«Да примут сонмы ангелов тебя, и вместе с Лазарем, / Бедняком в земной жизни, да обретешь ты вечный покой». Мэтью знал эти стихи наизусть, ибо они провожали покойника из церкви в могилу – место упокоения, в котором часто отказывали существам вроде него самого. Эти слова он пел над телом Филиппа. Еще раньше он произносил их, рыдая над убитым Хью. Этими словами, точно плетью, он наказывал себя за гибель Элеоноры и Селии. Их он повторял на протяжении пятнадцати столетий, скорбя по Бланке и Люка́ – его человеческим жене и сыну.
Но этой ночью знакомые слова вели Джека – и Мэтью вместе с ним – туда, где жизнь давала второй шанс. Мэтью напряженно следил, как под рукой Джека на кремовой поверхности стены появляется такое знакомое, дорогое ему лицо Дианы. Ее глаза были широко распахнуты и полны радости, а губы чуть изогнулись от удивления, которое вот-вот перейдет в улыбку. Встреча Дианы и Джека произошла в отсутствие Мэтью. Теперь он видел, как выглядела его жена в момент встречи.
Портрет подтверждал его догадку: одна Диана обладала силой заставить колесо судьбы Джека сделать полный оборот. Отцовская забота Мэтью могла подарить Джеку ощущение безопасности. Но почувствовать, что его любят, юный вампир мог только через Диану.
Мэтью продолжал водить смычком по струнам, извлекая чудесные звуки. Его пальцы бесшумно двигались вниз и вверх по грифу виолончели. Наконец Джек прекратил рисовать. Карандаш выпал из ослабевших пальцев и шумно запрыгал по полу.
– Джек, да ты прирожденный художник, – сказал Крис, вытягивая шею, чтобы лучше разглядеть портрет Дианы.
Джек устало ссутулился. Он обернулся на голос Криса. В глазах, таких же усталых, как плечи, не было признаков бешенства крови.
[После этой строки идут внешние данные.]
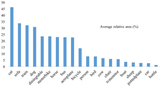 The experiments were conducted mainly on PASCAL VOC, a commonly used dataset for object detection. Combined, the PASCAL VOC 2007 and PASCAL VOC 2012 datasets have 16,551 images, of which the training and validation sets are allocated in at 9:1 ratio. The images in the test set are all from a total of 4952 images in PASCAL VOC 2007. The PASCAL VOC dataset contains 20 category labels: people, bird, cat, cow, dog, horse, sheep, airplane, bicycle, boat, bus, car, motorcycle, train, bottle, seat, dining table, potted plant, sofa, and TV. Referring to the percentage of each object category in the PASCAL VOC dataset in [44], the pixel percentage size of each category in the image is plotted as shown in Figure 8, where the average relative area is the median of the ratio of the area of the object’s bounding box to the area of the image.

Они вновь стали карими с зеленым отливом.
– Мэтью, – смущенно пробормотал Джек.
Он с кошачьей ловкостью спрыгнул с помоста и бесшумно приземлился.
– Доброе утро, Джек, – сказал Мэтью, откладывая виолончель.
– Так это вы играли? – еще больше смутился юный вампир.
– Я подумал, что музыка поздней эпохи подействует на тебя благотворнее, нежели барочная, – ответил Мэтью, поднимаясь со стула. – Семнадцатый век для вампиров слишком пышен и цветист. Его лучше принимать малыми дозами.
Взгляд Мэтью скользнул по стене. Дрожащей рукой Джек коснулся лба, только сейчас поняв, что он сделал.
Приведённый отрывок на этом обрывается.